Die Metall-Arbeitgeber hatten in der vergangenen Woche ein Lohnplus von 3,0 Prozent bei einer Vertragslaufzeit von 14 Monaten vorgeschlagen. Die Gewerkschaft fordert dagegen für die bundesweit rund 3,6 Millionen Metall-Beschäftigten 6,5 Prozent mehr Lohn, die unbefristete Übernahme von Auszubildenden und mehr Mitsprache bei der Einstellung von Leiharbeitern.

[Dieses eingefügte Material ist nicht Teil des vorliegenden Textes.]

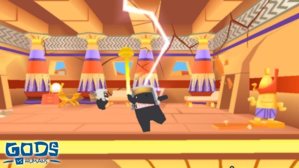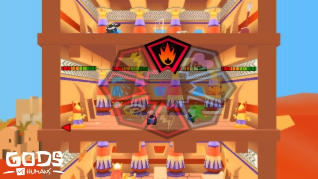 Zallag et Artefact Studios nous proposent un jeu tout public sur Nintendo Wii et PC. Gods Vs. Humans prend place dans un univers très coloré, ou les humains sont représentés par de petites créatures noires aux larges yeux et sourires alors que le joueur prend le contrôle d’un dieu mythologique aux pouvoirs divers et variés. Des divinités à la pelle Tout d’abord Égyptien dans la partie en solitaire, proposant plus d’une cinquantaine de niveaux, le dieu du joueur sera aussi Nordique, gréco-romain ou bien encore Japonais histoire de varier les décors et les plaisirs. Le concept du jeu est très simple, bien que mis en place à travers un tutorial pas toujours très clair. À l’écran est disposée une haute tour de plusieurs étages, construite par les humains pour se mesurer à leur dieu. Le but du joueur est alors de détruire cette tour pour leur montrer qui commande et ce qu’il en coute de se prendre pour plus supérieur qu’on ne l’est. Pour se faire, le joueur dispose de tout un panel de pouvoirs pouvant être lancés à travers les différents étages de la bâtisse.

Nordrhein-Westfalens IG-Metall-Chef Oliver Burkhard erklärte mit Blick auf das Arbeitgeber-Angebot: „Beim Geld viel zu wenig, bei unbefristeter Übernahme und Leiharbeit praktisch nichts - das heißt jetzt Warnstreik.“ Die Arbeitgeber provozierten den Konflikt, statt zur Lösung beizutragen, fügte er hinzu. Der Präsident des Arbeitgeberverbands Gesamtmetall, Martin Kannegießer, hatte zuvor die geplanten Warnstreiks scharf kritisiert und Zugeständnisse der IG Metall angemahnt.

Die Metall-Tarifverhandlungen werden dezentral in den Bezirken geführt, bis es einen Pilotabschluss gibt. Nächster Verhandlungstermin für die rund 700.000 Beschäftigten in Nordrhein-Westfalen ist der 11. Mai.